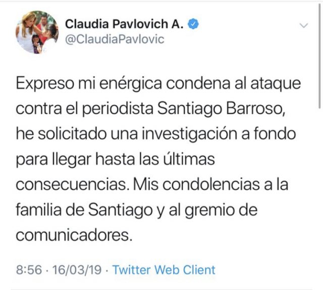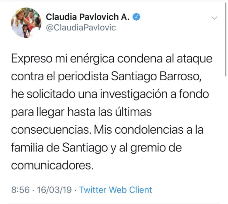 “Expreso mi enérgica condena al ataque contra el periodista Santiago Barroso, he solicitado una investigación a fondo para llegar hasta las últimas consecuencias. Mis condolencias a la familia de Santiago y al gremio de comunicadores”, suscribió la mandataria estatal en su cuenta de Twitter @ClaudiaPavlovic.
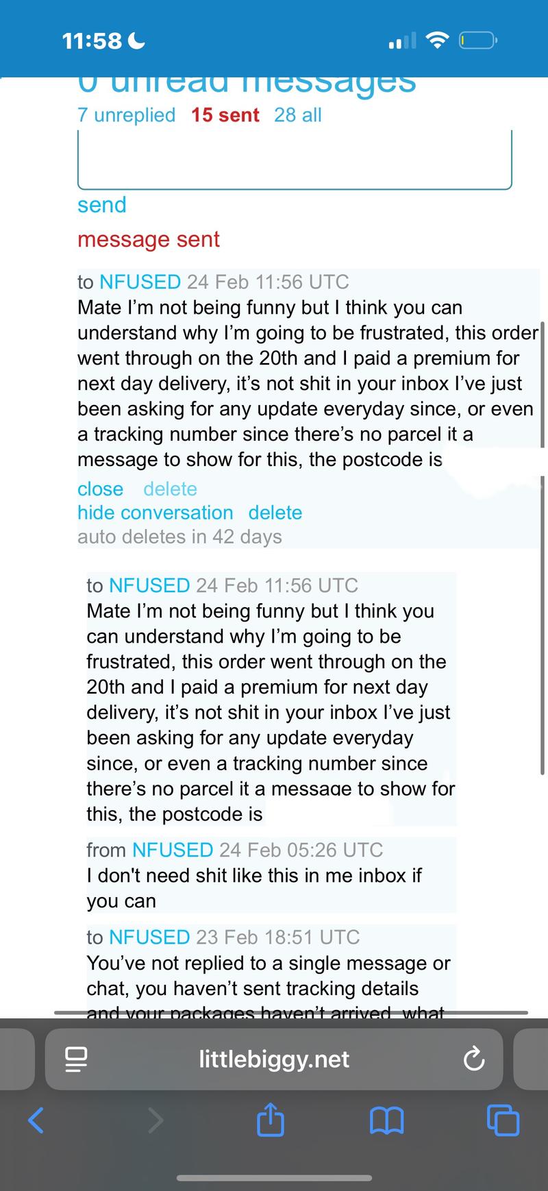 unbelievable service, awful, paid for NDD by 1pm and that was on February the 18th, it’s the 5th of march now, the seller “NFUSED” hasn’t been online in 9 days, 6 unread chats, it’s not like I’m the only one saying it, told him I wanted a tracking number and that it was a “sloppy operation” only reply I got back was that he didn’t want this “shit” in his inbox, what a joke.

...

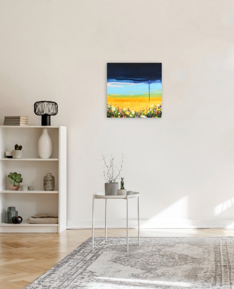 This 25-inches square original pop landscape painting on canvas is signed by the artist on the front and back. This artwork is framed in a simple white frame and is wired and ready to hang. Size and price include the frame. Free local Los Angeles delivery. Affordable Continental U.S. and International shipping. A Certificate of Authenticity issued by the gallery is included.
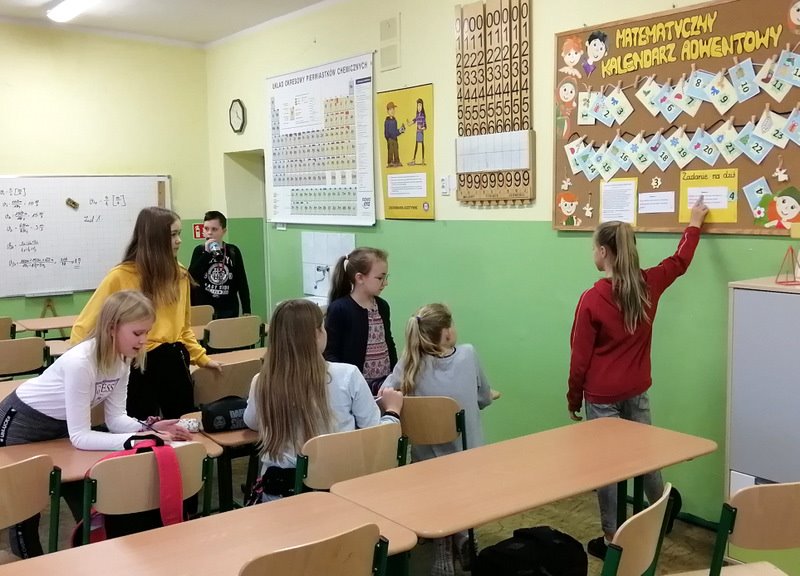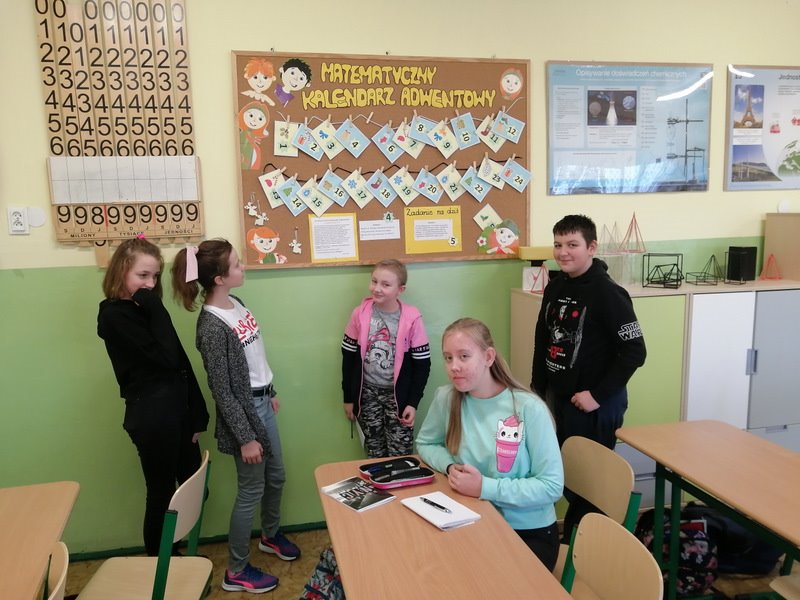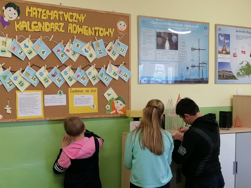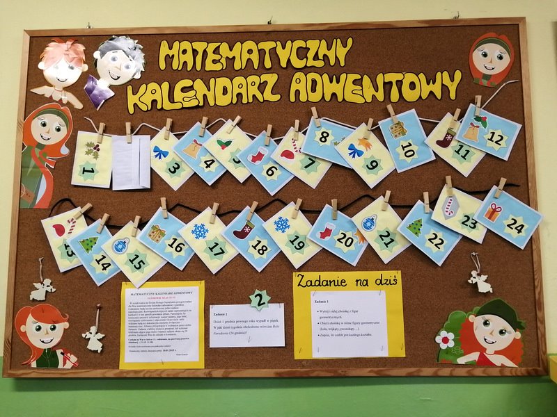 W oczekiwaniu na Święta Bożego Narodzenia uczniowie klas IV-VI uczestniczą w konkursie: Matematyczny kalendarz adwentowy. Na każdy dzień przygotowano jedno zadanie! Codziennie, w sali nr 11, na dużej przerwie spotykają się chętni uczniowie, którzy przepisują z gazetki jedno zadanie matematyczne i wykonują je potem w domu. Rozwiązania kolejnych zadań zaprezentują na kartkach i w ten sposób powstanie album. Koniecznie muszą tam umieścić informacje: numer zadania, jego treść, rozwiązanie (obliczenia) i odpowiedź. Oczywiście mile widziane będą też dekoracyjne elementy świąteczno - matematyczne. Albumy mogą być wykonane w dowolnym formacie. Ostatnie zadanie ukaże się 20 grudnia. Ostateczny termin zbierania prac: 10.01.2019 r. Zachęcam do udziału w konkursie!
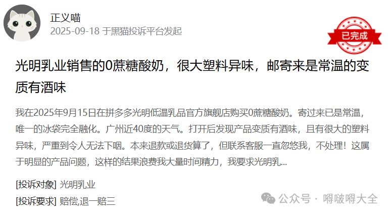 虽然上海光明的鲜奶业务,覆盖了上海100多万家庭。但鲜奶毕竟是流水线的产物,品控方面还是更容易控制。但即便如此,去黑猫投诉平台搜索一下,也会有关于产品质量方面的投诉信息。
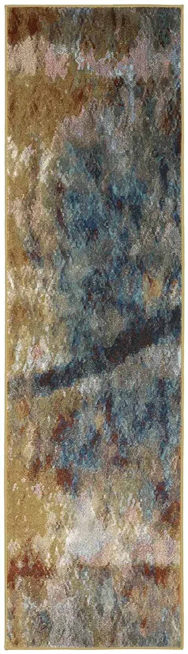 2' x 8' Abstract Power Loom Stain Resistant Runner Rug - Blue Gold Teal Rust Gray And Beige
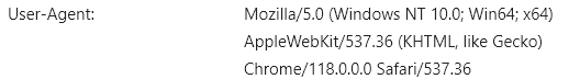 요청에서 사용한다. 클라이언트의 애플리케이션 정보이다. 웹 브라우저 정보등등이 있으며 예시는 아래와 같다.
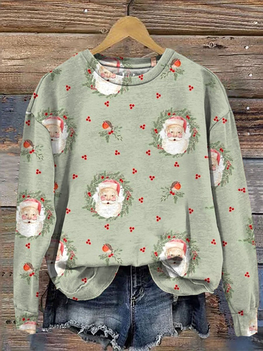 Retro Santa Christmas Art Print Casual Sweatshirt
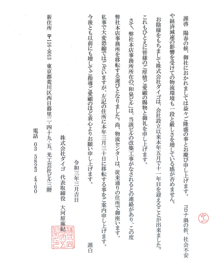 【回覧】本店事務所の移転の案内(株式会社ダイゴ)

» The task
Transcribe the listing above exactly, but only from the line with "de Twitter @ClaudiaPavlovic." through the line with "unbelievable service, awful, paid". Include both of those lines and omit the pictures.

» Your solution
 “Expreso mi enérgica condena al ataque contra el periodista Santiago Barroso, he solicitado una investigación a fondo para llegar hasta las últimas consecuencias. Mis condolencias a la familia de Santiago y al gremio de comunicadores”, suscribió la mandataria estatal en su cuenta de Twitter @ClaudiaPavlovic.
 unbelievable service, awful, paid for NDD by 1pm and that was on February the 18th, it’s the 5th of march now, the seller “NFUSED” hasn’t been online in 9 days, 6 unread chats, it’s not like I’m the only one saying it, told him I wanted a tracking number and that it was a “sloppy operation” only reply I got back was that he didn’t want this “shit” in his inbox, what a joke.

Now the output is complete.